После того, как Влад закончил говорить, Богорад молчал семь минут – большие электронные часы над черной дырой тоннеля не позволяли ошибиться.
– Понятно, – сказал он наконец. – Да. Так – понятно.
– Вы в безопасности, Захар, – зачем-то успокоил Влад. – Но мы с вами встречались в общей сложности одиннадцаь раз… и подолгу разговаривали… К сожалению, вы
– Я не о том думаю, – сурово сказал Богорад.
И Владу почему-то стало совестно. Он подумал о Богораде хуже, чем сыщик того заслуживал.
Влад ничего не сказал Анжеле об этом письме. Он вообще держал от нее в тайне свою переписку с Богорадом. Анжела презирала сыщика и не любила его. Ровно как и Богорад презирал и не любил Анжелу.
Успех, наплодивший, как кроликов, Владовых поклонников и «друзей», расплодил и врагов. Люди, которых Влад никогда не видел, разражались рецензиями такой степени злобности, будто Влад с детства был их соседом на общей кухне. Находили, что Гран-Грэм примитивен, весь состоит из расхожих клише, что он слишком мрачен для подростков, что он, с другой стороны, создает у них неправильное представление о жизни. Что дети, измученные несоответствием между миром Гран-Грэма и их собственным реальным миром, зарабатывают неврозы и впадают в депрессии. Что весь сюжет, антураж и даже развязка «слизаны» автором Гран-Грэма с других, менее популярных, но куда более достойных детских произведений; появлялись авторы этих произведений и рассказывали, что их текст, оказывается, много лет был доступен в электронной сети и автор «Гран-Грэма» наверняка ознакомился с ним, прежде чем написать первую строчку своей «мыльной эпопеи».

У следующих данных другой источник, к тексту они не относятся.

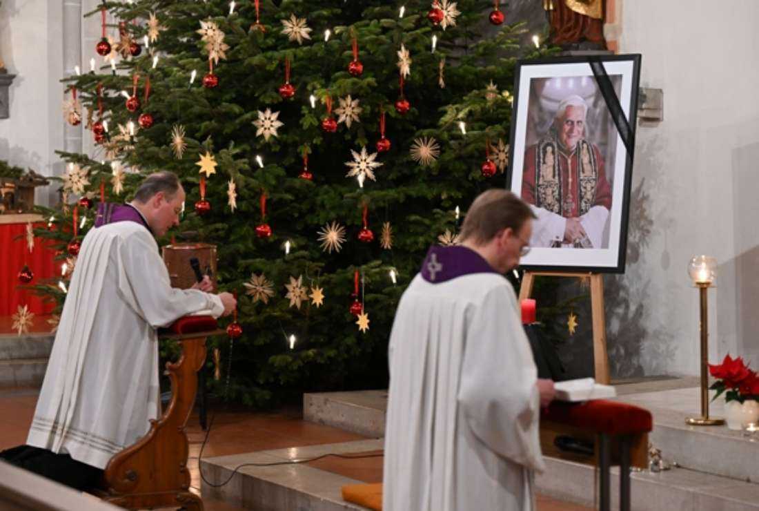 A photograph of late former Pope Emeritus Benedict XVI is seen during a Rosary prayer in the Catholic St Oswald church in his birth town Marktl am Inn, southern Germany, on Jan. 1, the day after his death at the age of 95. (Photo: AFP)
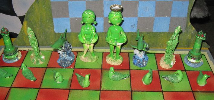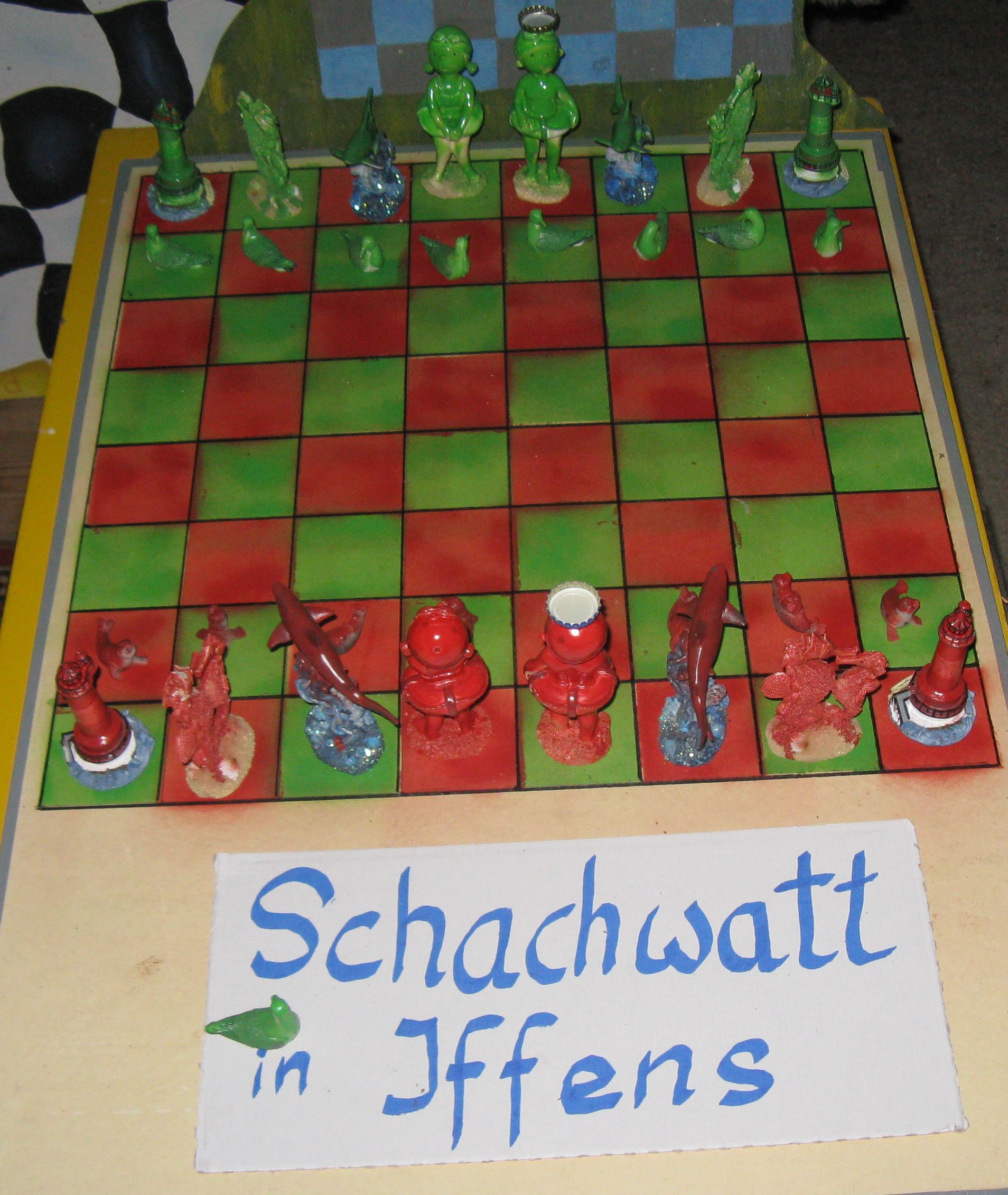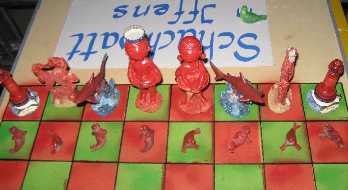 Der König wird Neptun, die Königin zur Meerjungfrau, die Läufer sind Seehunde, die Springer Seepferdchen und die Türme werden zu Leuchttürmen. Die Bauern werden von Muscheln gemacht und das Spielbrett hat helle Sandwatt- und dunkle Schlickwattfelder.

Доставалось читателям. Они, «как бараны», спешили скупить «писанину сомнительного качества», и двигала ими «те же представления о моде, что заставляют созревающих девочек тщательно копировать шмотье, прически и макияж популярных эстрадных пискух».
И, наконец, доставалось лично Владу: его обвиняли самое меньшее в бездарности и продажности. От других, более экзотичных обвинений Анжела скрежетала зубами и лезла на стену; Влад, раньше очень обижавшийся на любую, прежде всего несправедливую, критику, теперь был как дубовое бревно под кнутами. Экзекуторы потеют и тужатся, а бревно не испытывает даже злорадства от собственной непрошибаемости.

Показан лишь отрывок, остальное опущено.